ISPRS Workshop on Service and Application of Spatial Data Infrastructure, XXXVI (4/W6), Oct.14-16, Hangzhou, China
In these environments, the hardware, software and sensor
devices are defined by virtual constructs. The application
services can likely be designed using virtual constructs which
are in fine implemented by generic functionalities run by the
underling infrastructures.
Because of the duality of the various goals associated with
emulation and simulation, we have adopted the first approach to
design and implement virtual computing environments in the
HEAVEN consortium project. The main benefits are:
- to provide complex application services deployed on a generic
infrastructure
- to be hardware and software independent
- to be platform independent
- to be grid infrastructures independent
- to isolate various topologies of virtual machines from one
another
In the latter case, it is possible to deploy and test various
software and hardware configurations before their production
use. It is also possible to design specific services for the
automatic tuning and scaling of infrastructure environments,
depending on the applications and services being deployed.

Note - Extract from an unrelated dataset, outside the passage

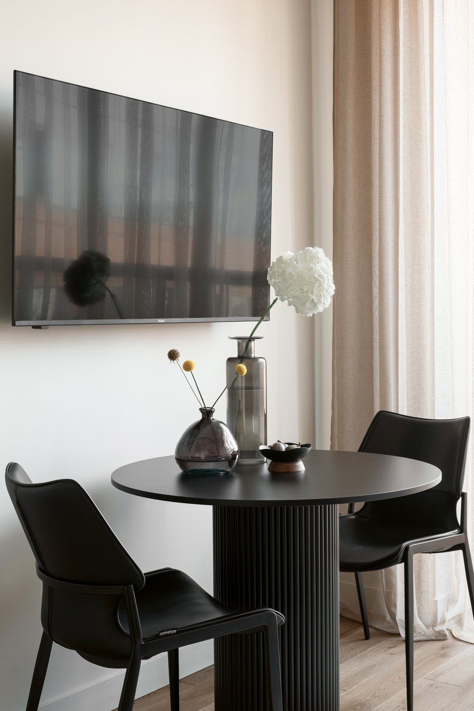 Стены и потолок во всей квартире окрашены в один цвет. На полу инженерная доска, а вместо обычных радиаторов — внутрипольные конвекторы: стены остаются «чистыми» и ничем не перегруженными.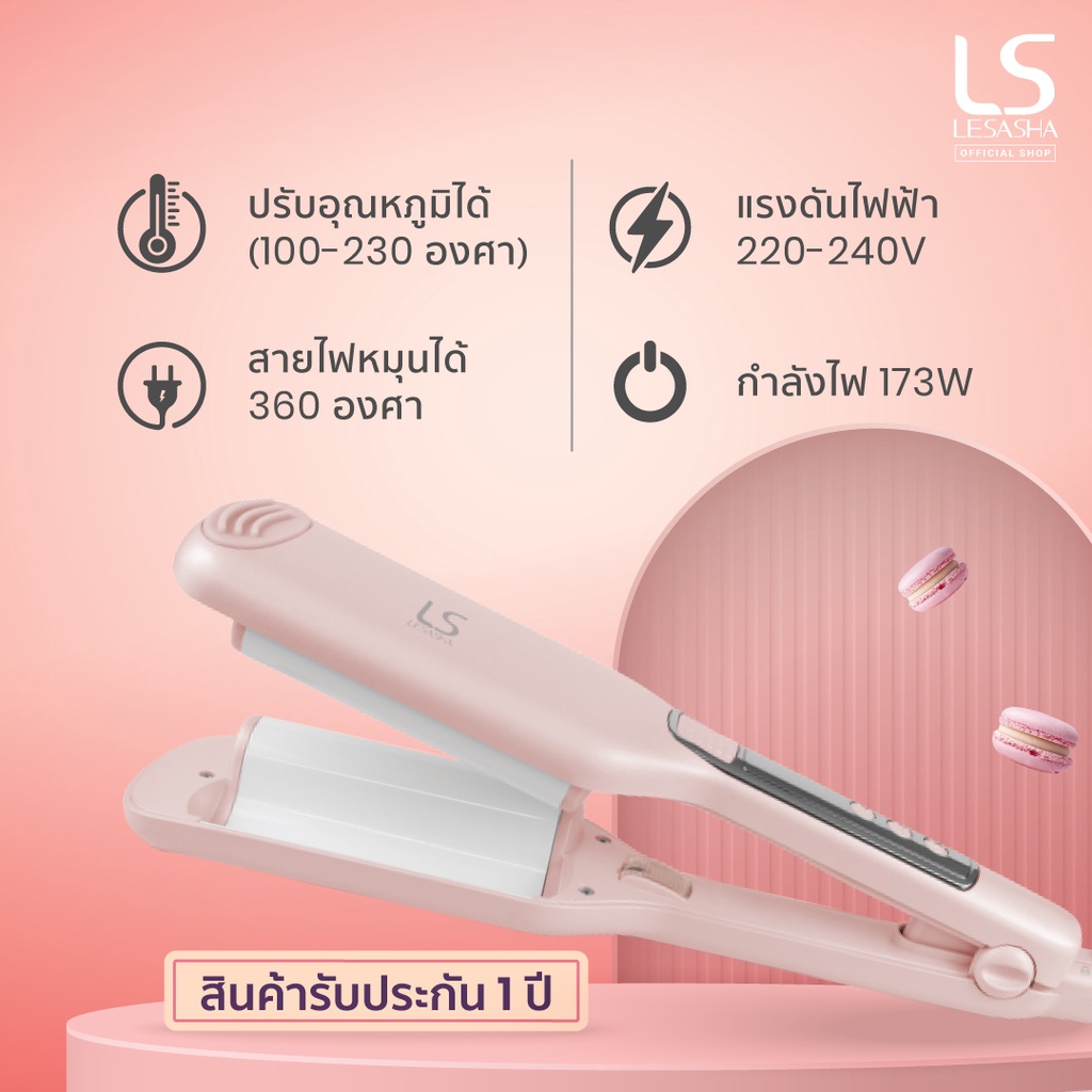 LESASHA เครื่องหนีบผม MACARON WAVY HAIR CRIMPER: ROSE รุ่น LS1554 ลอนเมอเมด ดั่งเจ้าหญิง ง่ายๆ แค่หนีบ

These options make the HEAVEN virtual environments open,
scalable and generic. Their design allows for legacy software to
run unchanged, therefore fostering user acceptance. They allow
new complex applications to be designed involving powerful
and heterogeneous, distributed resources. They can be tailored
to each particular applications needs without any consideration
for resource ownership. They foster new business models where
resources can be charged on the added application-value and
not on the resource consumption. They also foster new business
paradigms where resources can be outsourced to computer
resources brokers. The applications can therefore be deployed
and run without the users ever owning the computing resources
needed by the applications nor the data being processed.

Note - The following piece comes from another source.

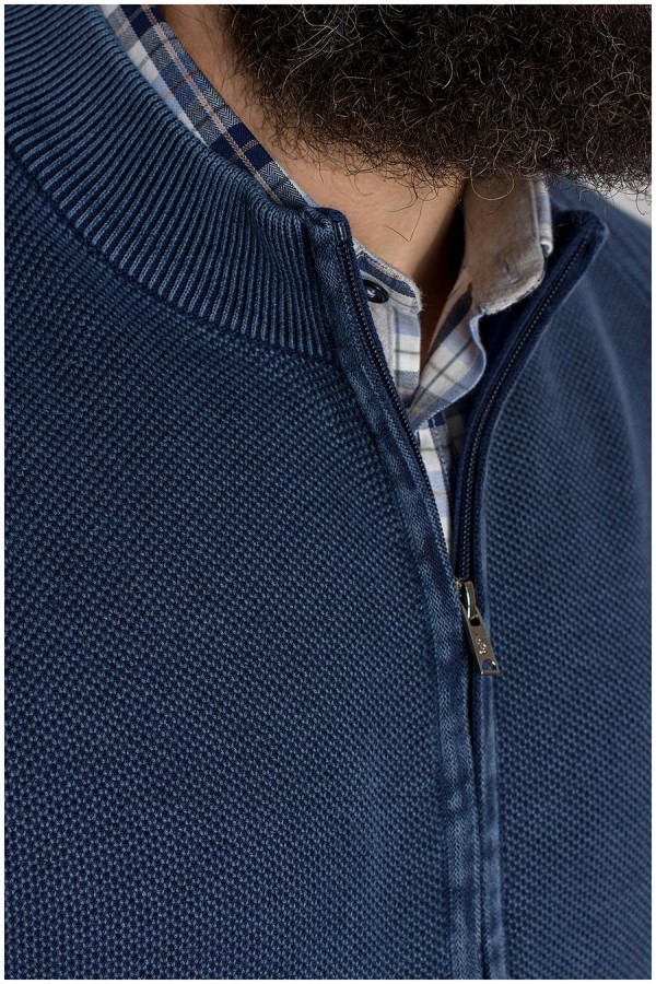Baumwollstrickjacke mit Reißverschluss im „Used-Look“ von Hajo.

Figure 3. The HEAVEN infrastructure.
2.2 Virtual Environments
By large, complex and production environments dedicated to
the deployment, monitoring and execution of distributed and
multidiscipline applications remain to be seen. High-
performance scientific computing has taken the lead in world
wide grid computing for two decades. But the price to pay
however is the expertise level required when deploying and
running grid middleware, e.g., Globus, UNICORE.

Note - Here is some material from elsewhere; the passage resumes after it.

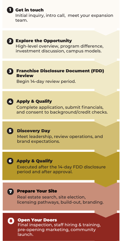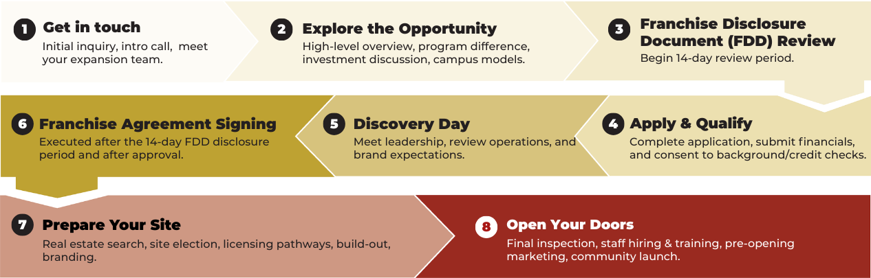 This website and all information located on this website do not represent an advertisement or offer to sell a franchise and are for information purposes only. Any offer of a franchise from us can only be made directly by us (or our representatives) outside of this website and with delivery of a franchise disclosure document as required by federal and some state laws.

When compared to the Internet, grids are still in their stone age
for their ease of use.
A major concern is therefore the seamlessness of such
environments. Because new challenging applications are also
foreseen in such wide-area grid environments, like disaster
prevention, risk and crisis management, a huge simplification of
complex computing environments is mandatory. This is what
we call “breaking the wall”, i.e., breaking the complexity and
technology barrier hampering the widespread use of state-of-
the-art technologies for societal and environmental benefits
(Kotzinos, 2004).
It is therefore of utmost interest to consider the virtualization
approaches described above (Section 2.1).
Clearly, upcoming applications require sophisticated computing
infrastructures, which are distributed, parallel, multidiscipline,
heterogeneous and they are used by management teams that are
not aware of the intricacies of computer technology.
The deployment environments for these new applications
require therefore the complex infrastructures handled by the
simulation approach above, together with the complex
application environments handled by the emulation approach
above.
Figure 4. The HEAVEN approach.
The future of virtualization, and consequently of virtual
environments, lies therefore in the conjunction and cross
fertilization of both the emulation and simulation approaches.
On the one hand, emulation as defined above (Section 2.1)
allows building complex environments out of simpler
infrastructures. They allow for example the design of various
concurrent dynamic and non-overlapping environments on
simpler infrastructures. This is fundamental for the design of
secure and dynamic services tailored to specific and complex
applications.
On the other hand, simulation as defined above (Section 2.1)
emphasizes the use of simplified interfaces to complex systems,
which is fundamental for the usability and acceptance of
complex technology infrastructures. In particular, the single
user view of heterogeneous, distributed and multidiscipline
computing systems and resources is similar to the required
interfaces to modem spatial data infrastructures.